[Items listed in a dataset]
--------------------

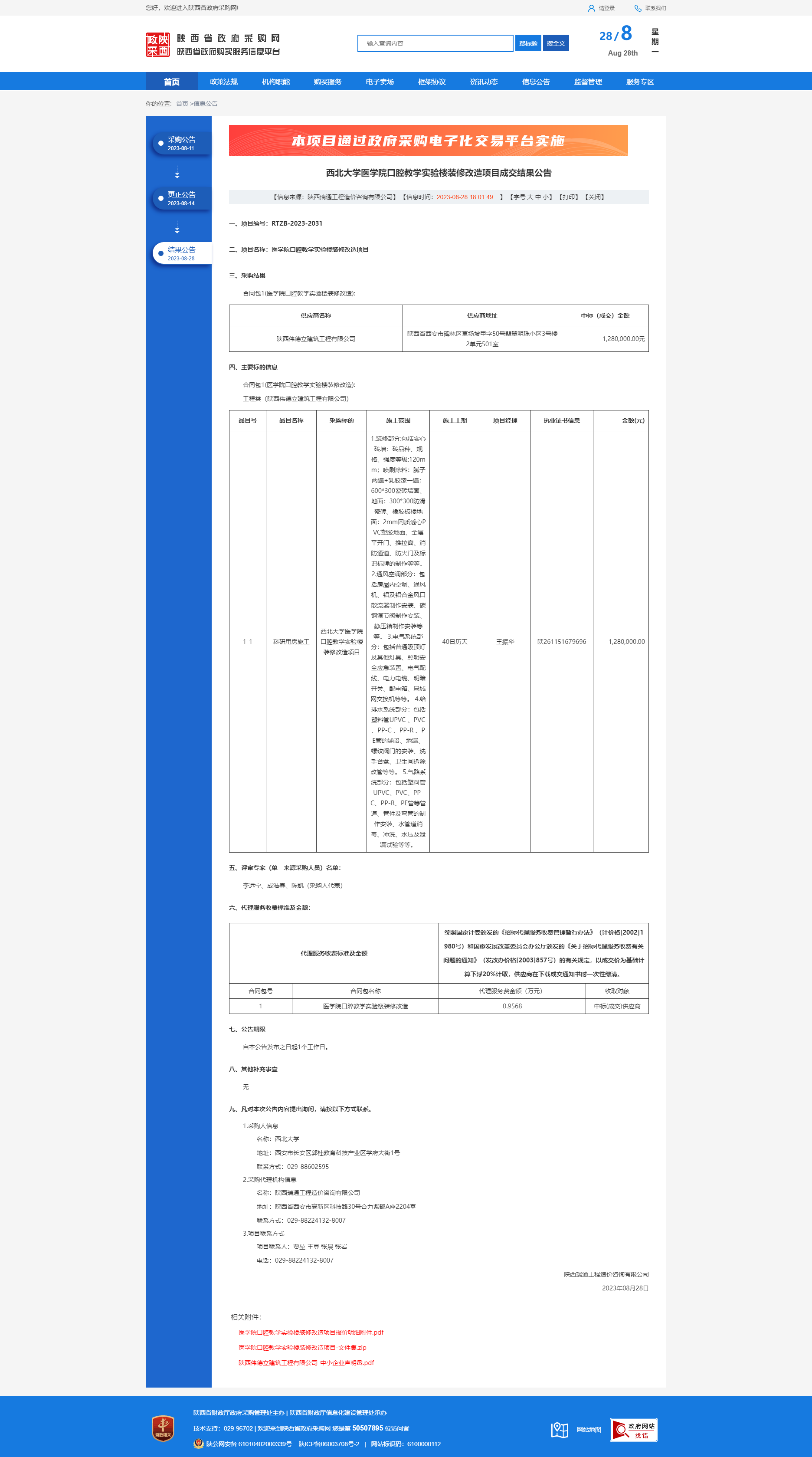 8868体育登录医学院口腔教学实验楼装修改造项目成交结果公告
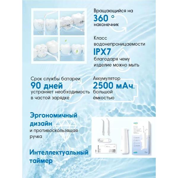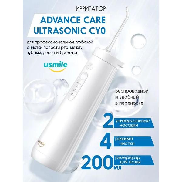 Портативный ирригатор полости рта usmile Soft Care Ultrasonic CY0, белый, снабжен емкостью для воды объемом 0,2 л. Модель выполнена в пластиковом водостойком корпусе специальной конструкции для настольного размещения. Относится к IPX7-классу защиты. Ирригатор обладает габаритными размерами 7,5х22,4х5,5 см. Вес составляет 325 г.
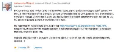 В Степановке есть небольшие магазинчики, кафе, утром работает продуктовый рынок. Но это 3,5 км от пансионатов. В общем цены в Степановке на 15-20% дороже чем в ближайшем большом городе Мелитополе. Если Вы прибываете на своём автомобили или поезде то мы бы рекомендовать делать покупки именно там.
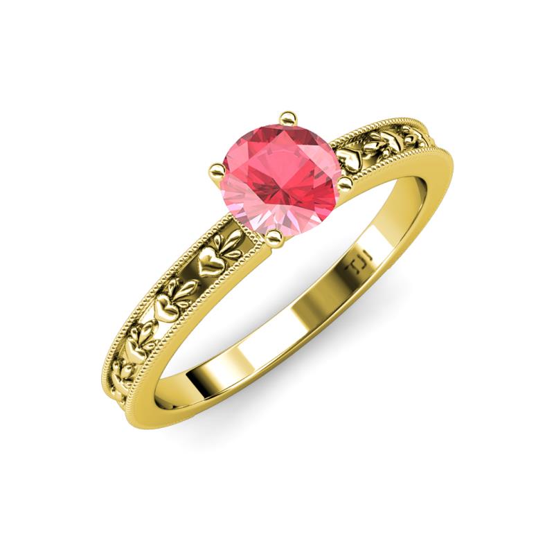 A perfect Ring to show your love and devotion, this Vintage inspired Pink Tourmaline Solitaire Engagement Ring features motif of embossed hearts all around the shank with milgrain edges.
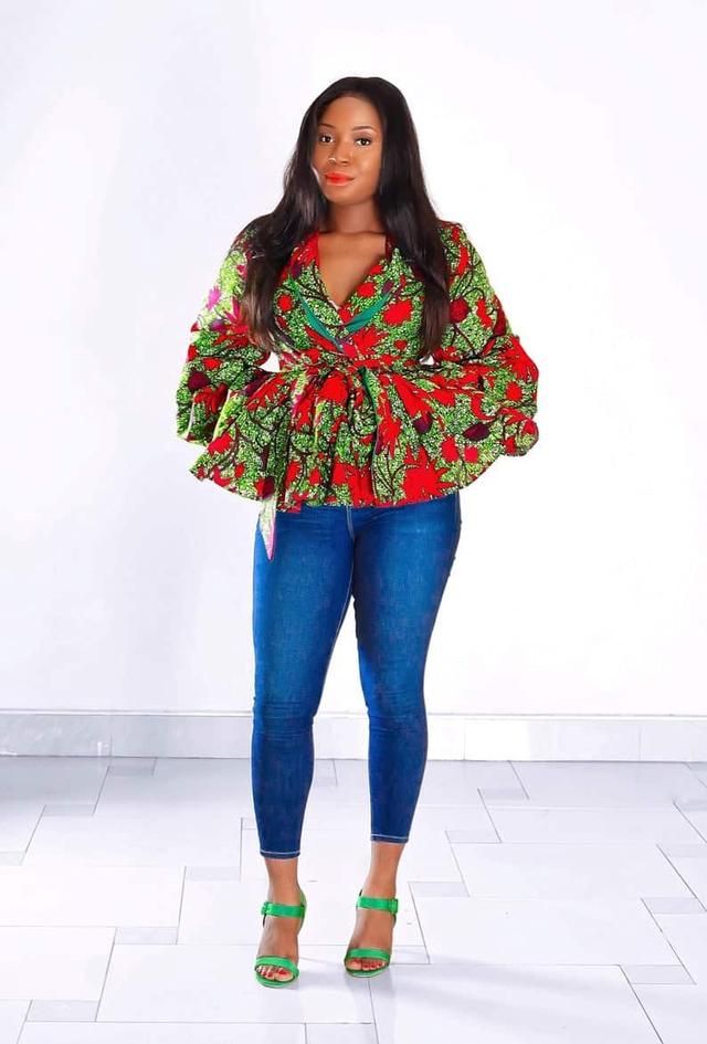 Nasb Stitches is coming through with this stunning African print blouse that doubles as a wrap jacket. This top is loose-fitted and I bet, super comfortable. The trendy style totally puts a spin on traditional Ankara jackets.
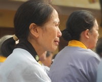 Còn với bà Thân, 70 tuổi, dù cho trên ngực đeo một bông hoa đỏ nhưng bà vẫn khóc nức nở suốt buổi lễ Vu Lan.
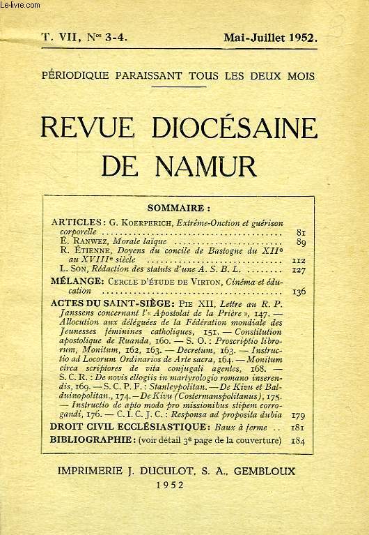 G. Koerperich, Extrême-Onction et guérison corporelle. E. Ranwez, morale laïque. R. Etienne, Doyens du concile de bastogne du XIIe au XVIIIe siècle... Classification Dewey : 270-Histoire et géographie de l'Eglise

--------------------

◆ **Directions**:
Write the records out exactly once more, leaving off the pictures.

◆ **Task response**:
 8868体育登录医学院口腔教学实验楼装修改造项目成交结果公告
 Портативный ирригатор полости рта usmile Soft Care Ultrasonic CY0, белый, снабжен емкостью для воды объемом 0,2 л. Модель выполнена в пластиковом водостойком корпусе специальной конструкции для настольного размещения. Относится к IPX7-классу защиты. Ирригатор обладает габаритными размерами 7,5х22,4х5,5 см. Вес составляет 325 г.
 В Степановке есть небольшие магазинчики, кафе, утром работает продуктовый рынок. Но это 3,5 км от пансионатов. В общем цены в Степановке на 15-20% дороже чем в ближайшем большом городе Мелитополе. Если Вы прибываете на своём автомобили или поезде то мы бы рекомендовать делать покупки именно там.
 A perfect Ring to show your love and devotion, this Vintage inspired Pink Tourmaline Solitaire Engagement Ring features motif of embossed hearts all around the shank with milgrain edges.
 Nasb Stitches is coming through with this stunning African print blouse that doubles as a wrap jacket. This top is loose-fitted and I bet, super comfortable. The trendy style totally puts a spin on traditional Ankara jackets.
 Còn với bà Thân, 70 tuổi, dù cho trên ngực đeo một bông hoa đỏ nhưng bà vẫn khóc nức nở suốt buổi lễ Vu Lan.
 G. Koerperich, Extrême-Onction et guérison corporelle. E. Ranwez, morale laïque. R. Etienne, Doyens du concile de bastogne du XIIe au XVIIIe siècle... Classification Dewey : 270-Histoire et géographie de l'Eglise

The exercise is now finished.